======== Materials provided
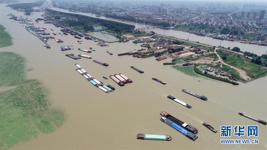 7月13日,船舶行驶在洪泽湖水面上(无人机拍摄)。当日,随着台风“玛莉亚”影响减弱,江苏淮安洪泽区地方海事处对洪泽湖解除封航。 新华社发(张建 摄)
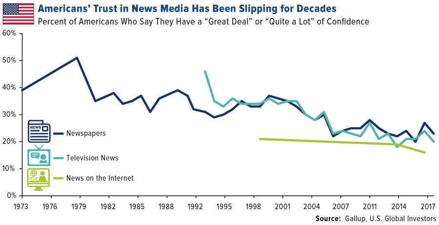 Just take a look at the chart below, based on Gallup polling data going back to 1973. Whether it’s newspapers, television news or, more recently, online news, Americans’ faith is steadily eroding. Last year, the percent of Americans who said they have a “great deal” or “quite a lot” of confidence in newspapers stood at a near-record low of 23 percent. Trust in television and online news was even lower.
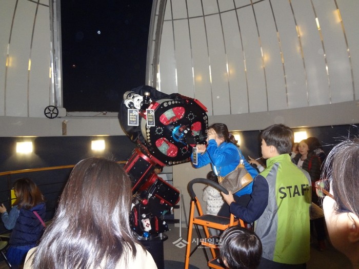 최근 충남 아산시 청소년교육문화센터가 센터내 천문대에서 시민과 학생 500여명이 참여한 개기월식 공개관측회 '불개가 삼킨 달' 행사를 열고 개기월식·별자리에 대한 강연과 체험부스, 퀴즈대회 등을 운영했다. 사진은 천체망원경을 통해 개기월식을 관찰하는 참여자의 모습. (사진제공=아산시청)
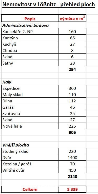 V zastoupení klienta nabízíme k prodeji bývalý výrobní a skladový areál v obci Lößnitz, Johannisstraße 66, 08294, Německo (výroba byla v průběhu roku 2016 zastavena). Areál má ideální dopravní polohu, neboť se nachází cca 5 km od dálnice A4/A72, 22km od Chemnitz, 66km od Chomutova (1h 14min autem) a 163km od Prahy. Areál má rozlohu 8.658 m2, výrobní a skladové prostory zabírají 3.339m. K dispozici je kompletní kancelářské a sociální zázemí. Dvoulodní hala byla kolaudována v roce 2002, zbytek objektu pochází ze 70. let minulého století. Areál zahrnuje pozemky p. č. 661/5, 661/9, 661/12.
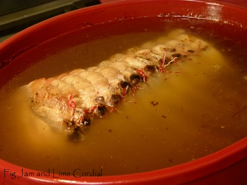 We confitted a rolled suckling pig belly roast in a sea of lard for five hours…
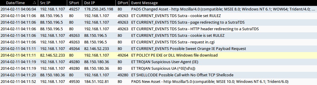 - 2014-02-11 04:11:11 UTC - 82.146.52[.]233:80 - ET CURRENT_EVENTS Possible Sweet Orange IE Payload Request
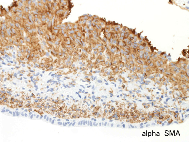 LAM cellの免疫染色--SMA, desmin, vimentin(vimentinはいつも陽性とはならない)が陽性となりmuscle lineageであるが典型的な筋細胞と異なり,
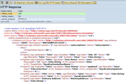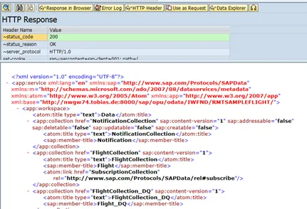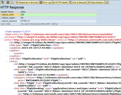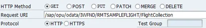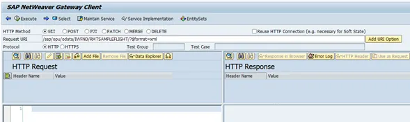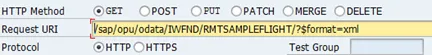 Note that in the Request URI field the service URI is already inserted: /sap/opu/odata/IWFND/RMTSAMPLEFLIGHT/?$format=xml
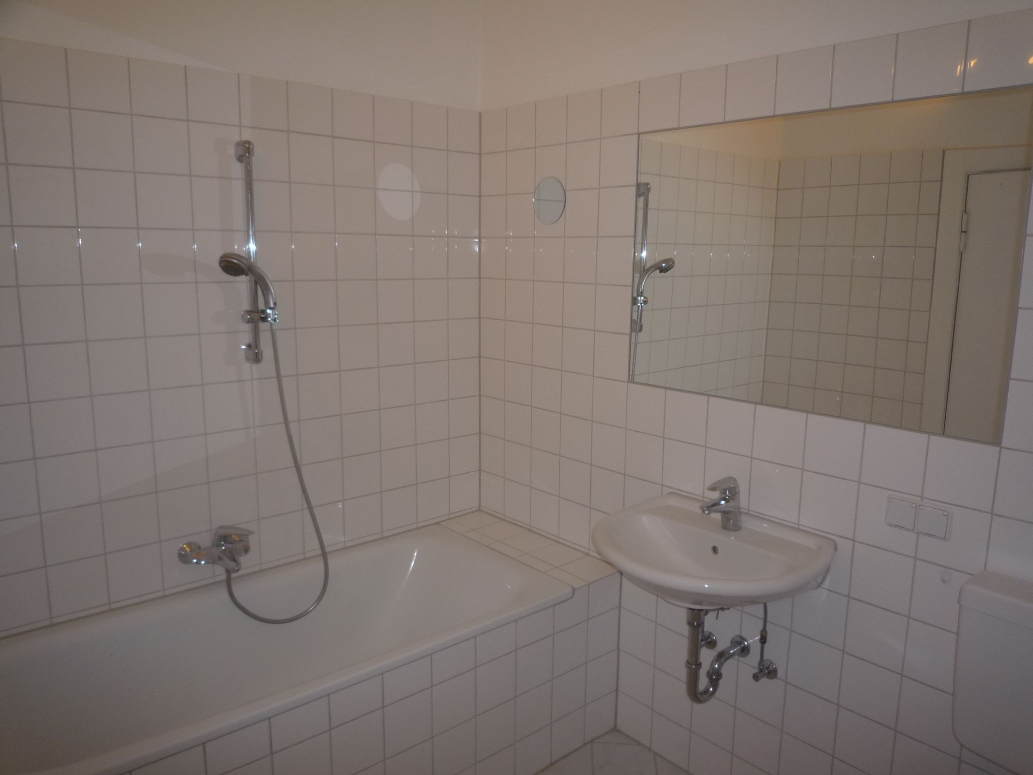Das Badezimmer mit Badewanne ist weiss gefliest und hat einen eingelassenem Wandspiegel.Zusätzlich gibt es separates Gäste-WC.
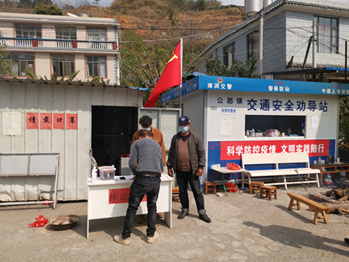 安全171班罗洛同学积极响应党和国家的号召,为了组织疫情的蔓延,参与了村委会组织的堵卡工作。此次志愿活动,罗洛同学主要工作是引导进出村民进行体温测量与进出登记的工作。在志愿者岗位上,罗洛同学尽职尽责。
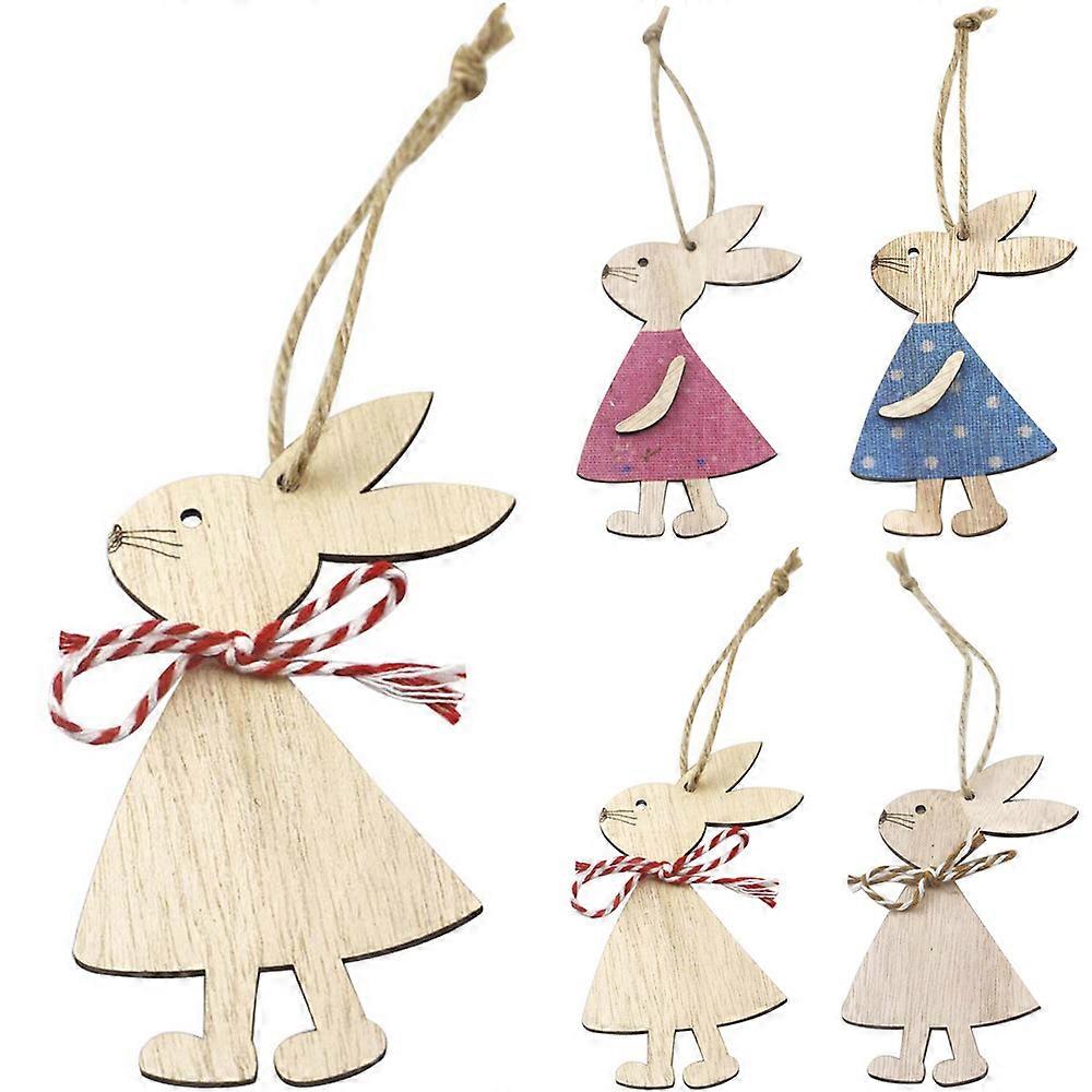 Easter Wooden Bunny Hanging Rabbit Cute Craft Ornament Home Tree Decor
================
- [Task prompt] In the records above, find the line with "Just take a" and the line with "Das Badezimmer mit", then restate word for word only those two lines and all lines between, omitting pictures.

- [Output for this task]
 Just take a look at the chart below, based on Gallup polling data going back to 1973. Whether it’s newspapers, television news or, more recently, online news, Americans’ faith is steadily eroding. Last year, the percent of Americans who said they have a “great deal” or “quite a lot” of confidence in newspapers stood at a near-record low of 23 percent. Trust in television and online news was even lower.
 최근 충남 아산시 청소년교육문화센터가 센터내 천문대에서 시민과 학생 500여명이 참여한 개기월식 공개관측회 '불개가 삼킨 달' 행사를 열고 개기월식·별자리에 대한 강연과 체험부스, 퀴즈대회 등을 운영했다. 사진은 천체망원경을 통해 개기월식을 관찰하는 참여자의 모습. (사진제공=아산시청)
 V zastoupení klienta nabízíme k prodeji bývalý výrobní a skladový areál v obci Lößnitz, Johannisstraße 66, 08294, Německo (výroba byla v průběhu roku 2016 zastavena). Areál má ideální dopravní polohu, neboť se nachází cca 5 km od dálnice A4/A72, 22km od Chemnitz, 66km od Chomutova (1h 14min autem) a 163km od Prahy. Areál má rozlohu 8.658 m2, výrobní a skladové prostory zabírají 3.339m. K dispozici je kompletní kancelářské a sociální zázemí. Dvoulodní hala byla kolaudována v roce 2002, zbytek objektu pochází ze 70. let minulého století. Areál zahrnuje pozemky p. č. 661/5, 661/9, 661/12.
 We confitted a rolled suckling pig belly roast in a sea of lard for five hours…
 - 2014-02-11 04:11:11 UTC - 82.146.52[.]233:80 - ET CURRENT_EVENTS Possible Sweet Orange IE Payload Request
 LAM cellの免疫染色--SMA, desmin, vimentin(vimentinはいつも陽性とはならない)が陽性となりmuscle lineageであるが典型的な筋細胞と異なり,
 Note that in the Request URI field the service URI is already inserted: /sap/opu/odata/IWFND/RMTSAMPLEFLIGHT/?$format=xml
Das Badezimmer mit Badewanne ist weiss gefliest und hat einen eingelassenem Wandspiegel.Zusätzlich gibt es separates Gäste-WC.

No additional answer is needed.